**DATA SEGMENT**.
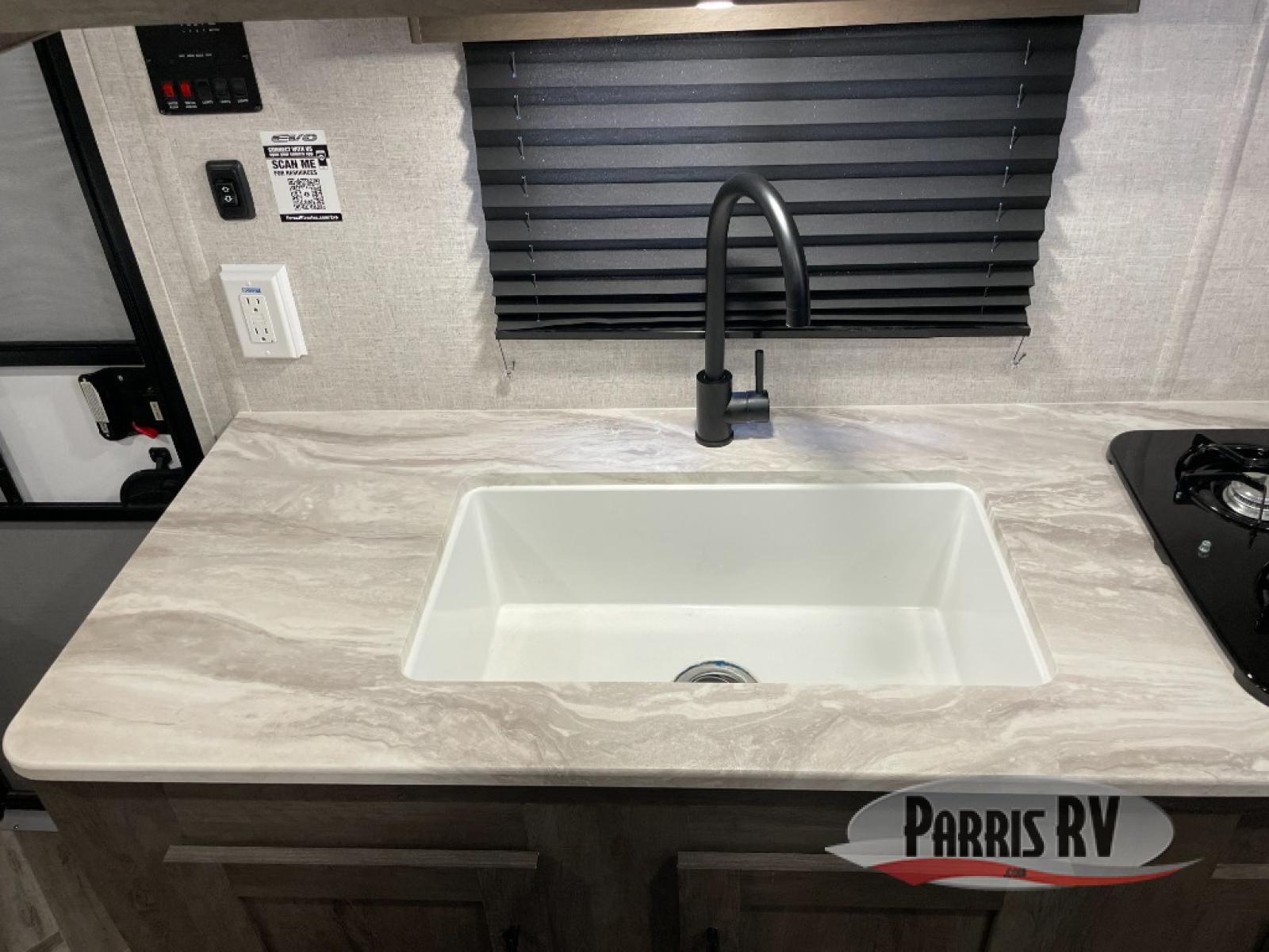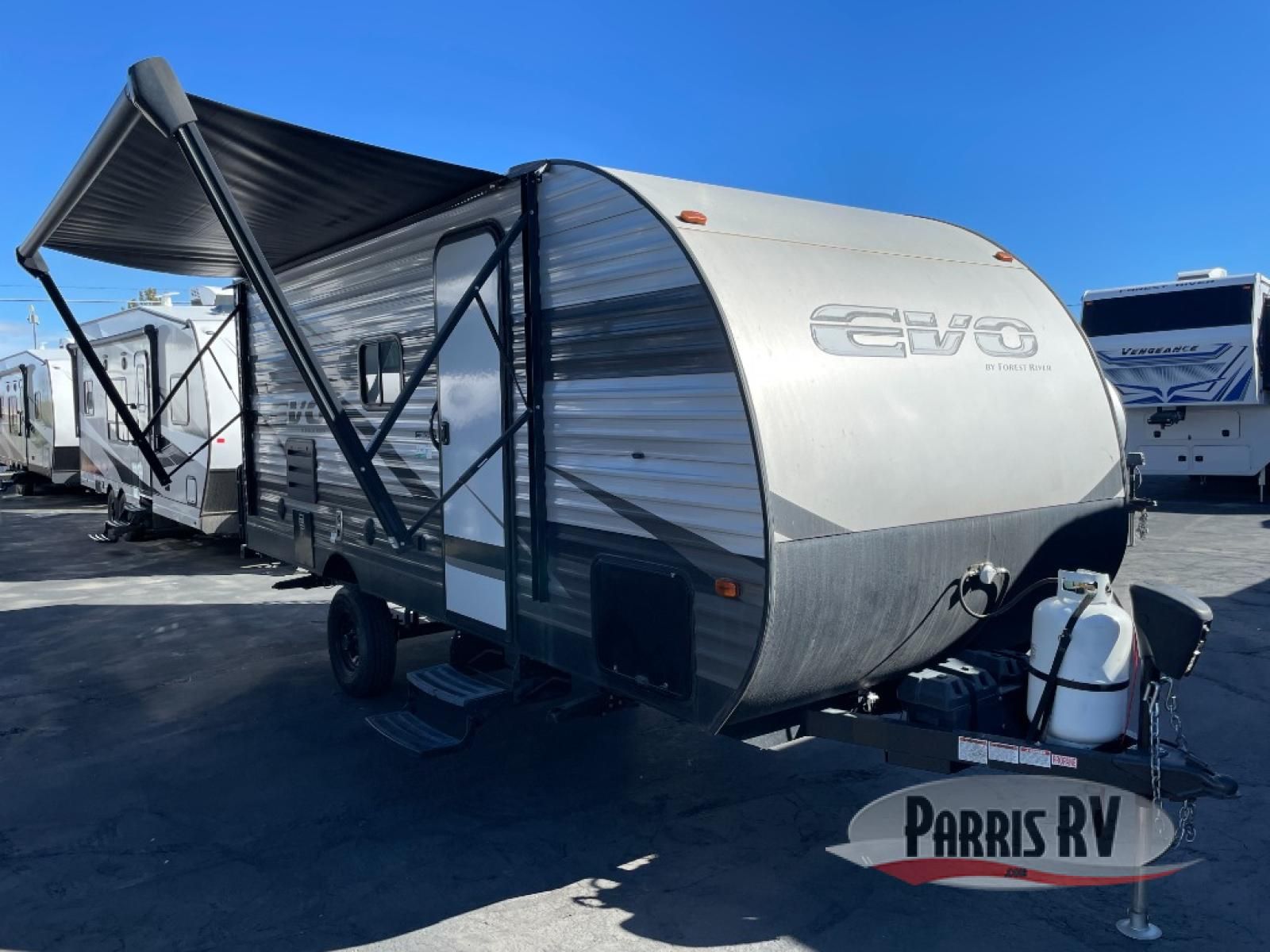 With any EVO Select travel trailer or toy hauler by Forest River, there is an Exterior Convenience Package that offers a double entry step, a friction-hinge entry door, an XL grab handle, and magnetic latches on baggage doors. You will find several upgraded features such as the Tuffcoat aluminum exterior, the large baggage doors, and the appliance package. You will also love the flooring design, the seamless countertop, the high-rise kitchen faucet, and more. All you need to do now is decide which EVO Select model you want!
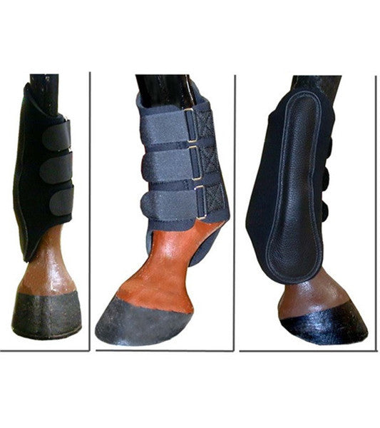 Padded splint boots made of durable neoprene with suede padding over vulnerable splint area.
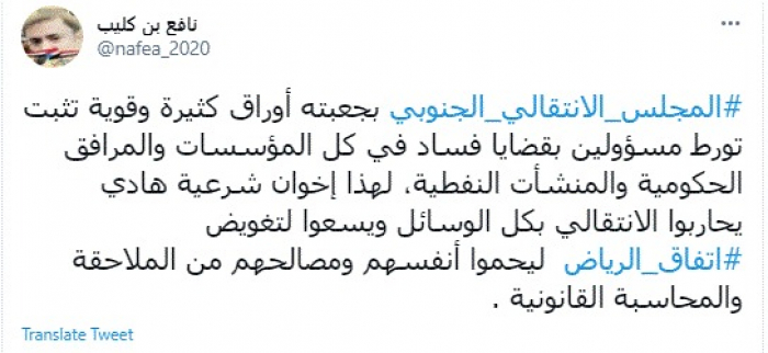 وكتب في تغريدة عبر "تويتر" رصدها "المشهد العربي": "المجلس الانتقالي الجنوبي بجعبته أوراق كثيرة وقوية تثبت تورط مسؤولين بقضايا فساد في كل المؤسسات والمرافق الحكومية والمنشآت النفطية".
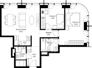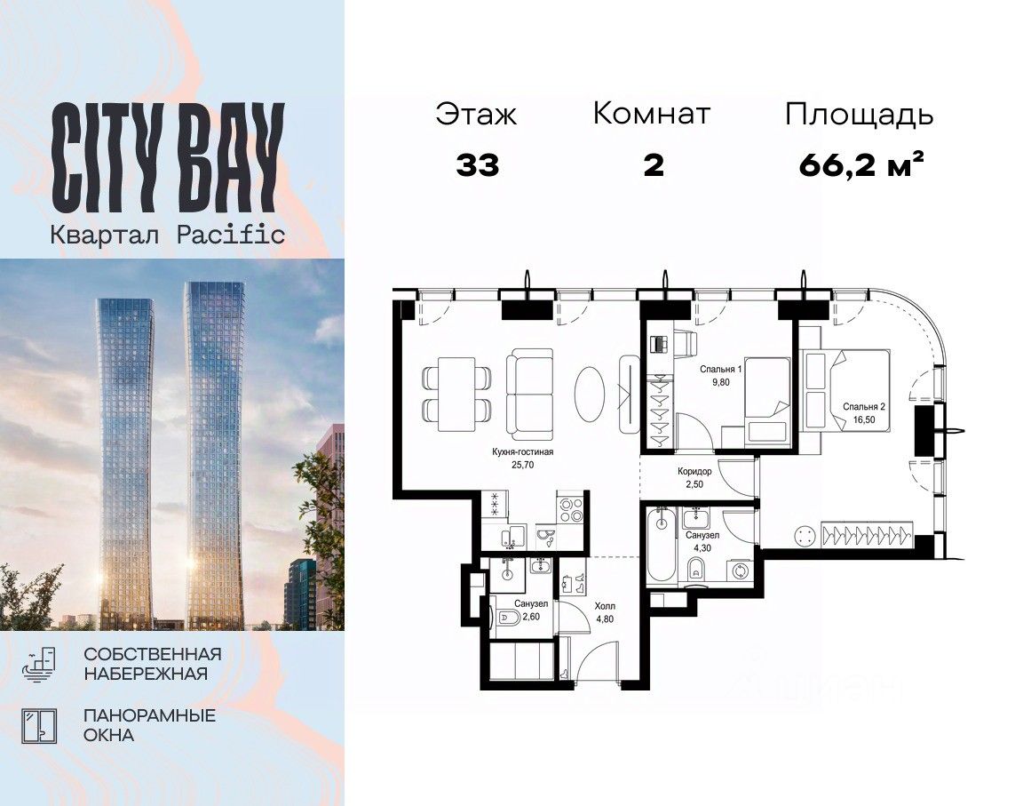 Продаётся 2-комнатная квартира общей площадью 66.20 м² без отделки в ЖК Сити Бэй, квартале Pacific, на 33-м этаже 59 этажного дома.

**TASK DESCRIPTION**. Every line of the listing above is to be repeated exactly, with its pictures left out.

**ANSWER SPACE**.
 With any EVO Select travel trailer or toy hauler by Forest River, there is an Exterior Convenience Package that offers a double entry step, a friction-hinge entry door, an XL grab handle, and magnetic latches on baggage doors. You will find several upgraded features such as the Tuffcoat aluminum exterior, the large baggage doors, and the appliance package. You will also love the flooring design, the seamless countertop, the high-rise kitchen faucet, and more. All you need to do now is decide which EVO Select model you want!
 Padded splint boots made of durable neoprene with suede padding over vulnerable splint area.
 وكتب في تغريدة عبر "تويتر" رصدها "المشهد العربي": "المجلس الانتقالي الجنوبي بجعبته أوراق كثيرة وقوية تثبت تورط مسؤولين بقضايا فساد في كل المؤسسات والمرافق الحكومية والمنشآت النفطية".
 Продаётся 2-комнатная квартира общей площадью 66.20 м² без отделки в ЖК Сити Бэй, квартале Pacific, на 33-м этаже 59 этажного дома.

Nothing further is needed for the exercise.